__DATA SHOWN__
* * *
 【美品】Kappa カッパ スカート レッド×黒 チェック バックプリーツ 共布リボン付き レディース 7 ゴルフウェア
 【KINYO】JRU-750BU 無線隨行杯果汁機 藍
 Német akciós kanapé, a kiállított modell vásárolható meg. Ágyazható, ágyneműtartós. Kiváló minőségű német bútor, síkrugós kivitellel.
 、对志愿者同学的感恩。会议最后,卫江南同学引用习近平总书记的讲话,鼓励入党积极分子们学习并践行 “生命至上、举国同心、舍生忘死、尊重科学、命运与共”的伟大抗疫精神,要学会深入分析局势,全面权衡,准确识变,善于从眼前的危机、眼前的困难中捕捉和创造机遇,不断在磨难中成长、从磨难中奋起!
* * *
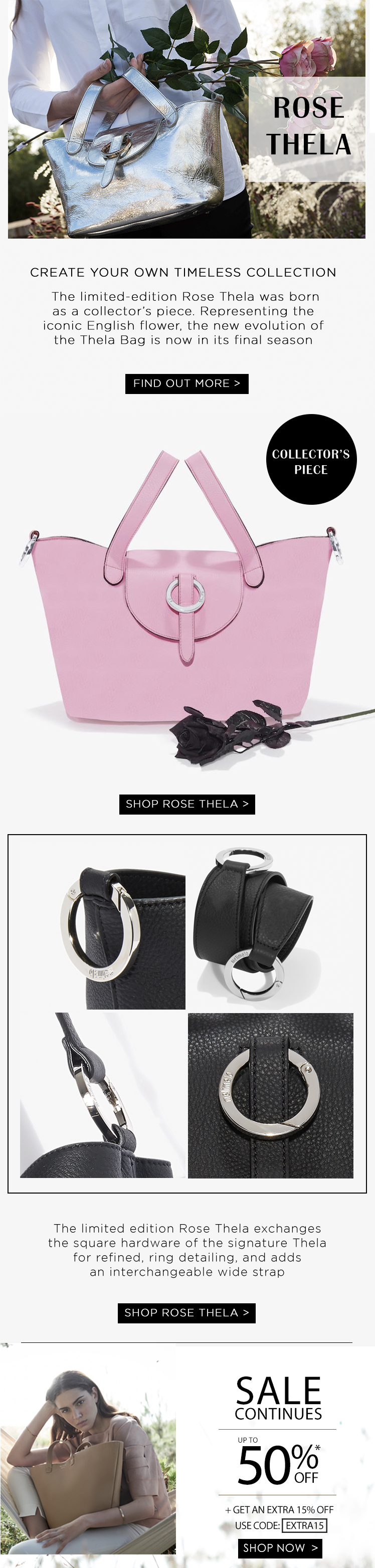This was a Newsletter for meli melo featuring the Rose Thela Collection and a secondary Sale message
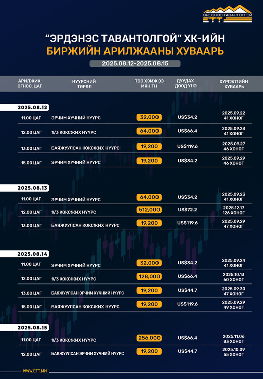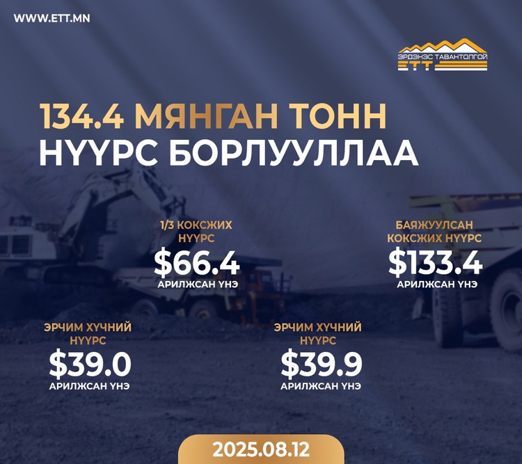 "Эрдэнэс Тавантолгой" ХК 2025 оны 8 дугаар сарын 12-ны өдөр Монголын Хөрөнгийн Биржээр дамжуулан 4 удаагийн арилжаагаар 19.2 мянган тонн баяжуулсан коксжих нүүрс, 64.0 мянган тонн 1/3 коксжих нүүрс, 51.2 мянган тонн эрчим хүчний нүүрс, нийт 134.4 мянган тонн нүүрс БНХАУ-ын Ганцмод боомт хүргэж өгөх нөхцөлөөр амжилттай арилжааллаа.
* * *
__PROBLEM TO WORK ON__
In the listing above, find the line containing "This was a Newsletter" and the line containing "нөхцөлөөр амжилттай арилжааллаа.". Print those two lines and every line between them exactly, with no pictures.

__SOLVED EXERCISE__
This was a Newsletter for meli melo featuring the Rose Thela Collection and a secondary Sale message
 "Эрдэнэс Тавантолгой" ХК 2025 оны 8 дугаар сарын 12-ны өдөр Монголын Хөрөнгийн Биржээр дамжуулан 4 удаагийн арилжаагаар 19.2 мянган тонн баяжуулсан коксжих нүүрс, 64.0 мянган тонн 1/3 коксжих нүүрс, 51.2 мянган тонн эрчим хүчний нүүрс, нийт 134.4 мянган тонн нүүрс БНХАУ-ын Ганцмод боомт хүргэж өгөх нөхцөлөөр амжилттай арилжааллаа.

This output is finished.